It wasn’t until the second semester of seventh grade that I had even begun to think to become a writer. It was just a normal assignment, assigned to us by our beloved language arts teacher, Mrs. Summers. We had been reading when she called for the class’s attention and told us that our next assignment was to write a short story, possibly the best assignment I have ever received.

Initially, though, I just thought of it as another english assignment I’d have to knock out the night before it was due. Mrs. Summers continued to explain the assignment, telling us that we needed to write a fictional story, in the style of any type of folklore, that explained how something natural came to be, at least three pages long. We could write about quite literally anything. Wind, fire, plants, animals. Anything was up for grabs.

So, sitting in front of the computer the night before the story was due, I decided that I would write about fruit trees. I planned a simple story that would be good enough to get me the A that I wanted and started typing away.

I was a few paragraphs into the story when little ideas started popping up. I typed them in, adding more and more, launching it into grow past the page. Words started flowing and my fingers were typing faster. I was getting so excited that I stopped writing to crumple up the storyline and throw it away.

I wrote of run down houses with peeling vinyl siding. I created a goddess of harvest that wore a long, deep blue flowing gown and had long and wavy jet black hair held down by a gold crown. I told the stories of characters she helped, whom she created the seeds of fruit trees for, whom she had taught how to fish and plant.

I made these ideas sound like living breathing things, and by the time that I had finished, I was filled with complete joy and confidence. I read it over and over, adding little things in awkward spots, fixing grammatical errors that I could spot, making it completely perfect, without a single error. I added a picture of a peach tree and printed it out in color. I ripped it out of the printer and stapled the pages together, all ten or eleven of them, and rushed to the dining room table to present the pages to my mom.
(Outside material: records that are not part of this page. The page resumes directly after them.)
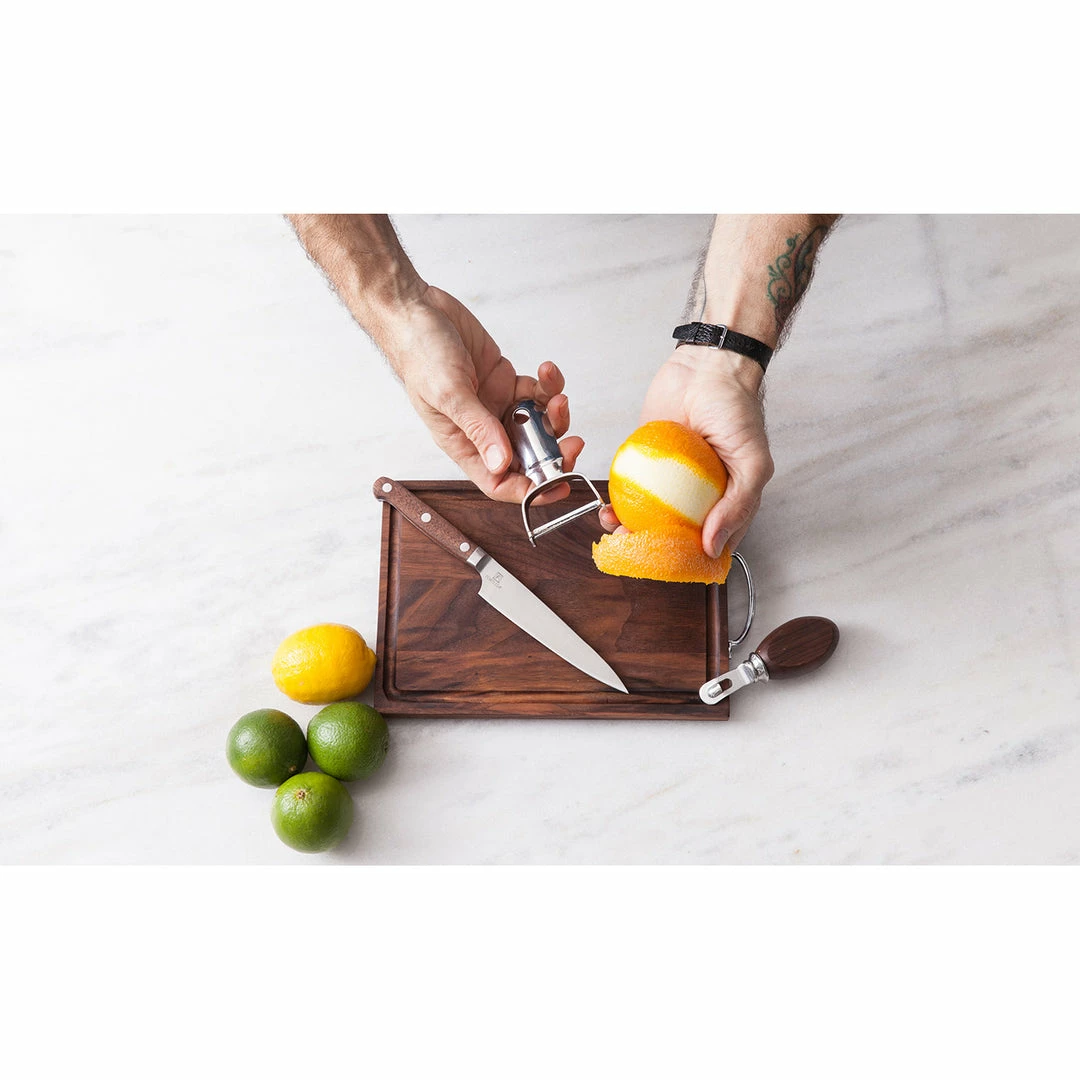 This zest-infusing set includes – Peeler the professionals tool for making garnishes. A Channel Knife the specialty blade for creating artful twists and unlocking flavorful oils. A Bar Knife the go-to knife for preparing citrus, fruits, herbs and spices. And of course, a Bar Board sturdy, rich black walnut, and the ideal size for your cocktail prep.
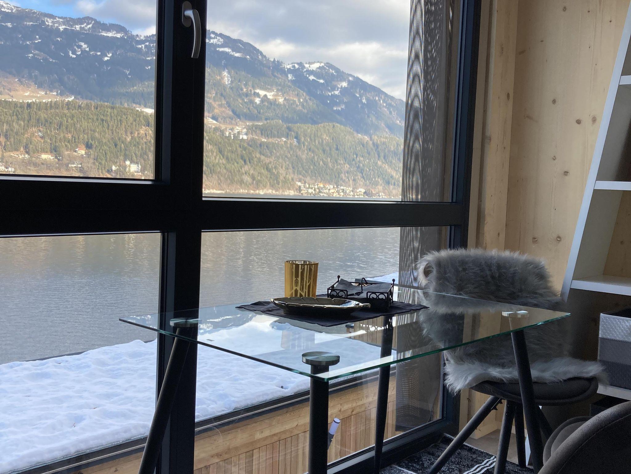 • Riesige Fensterfront mit direktem Blick auf den See und Millstatt mit Esstisch und gemütlichen Sesseln
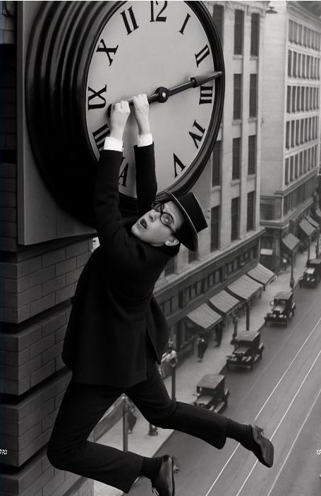 Bild oben: Harold Lloyd in „Safety Last!“ (1923), berühmte Szene mit der Uhr – Sinnbild für Risiko, Balance und das Spiel mit der Zeit in der Großstadt.

I sat there and stared at her while she read it, until finally she was done. She turned to me, smiled, and told me that it was excellent. I read it to my sisters that night as a bedtime story, showed it to my brother, and when I got to school the next morning, held readings for my biggest fans, my friends.

When I walked into third period and turned in my story, I got really nervous. What if Mrs. Summers didn’t like it? What if it wasn’t as good as I thought it was and I had just embarrassed myself in front of all the people I shared my story with?

The next week felt like torture, right up until the last second that our assignments were handed back to us. On mine, in green, inky cursive it said “Absolutely excellent! Great Job!” My heart danced.

I got home and told my mom, my dad, my siblings, my dog, and anybody else that I stumbled into. This feeling was brand new, it was exciting. I created something that I didn’t know that I could, realeased a world I didn’t know I was keeping.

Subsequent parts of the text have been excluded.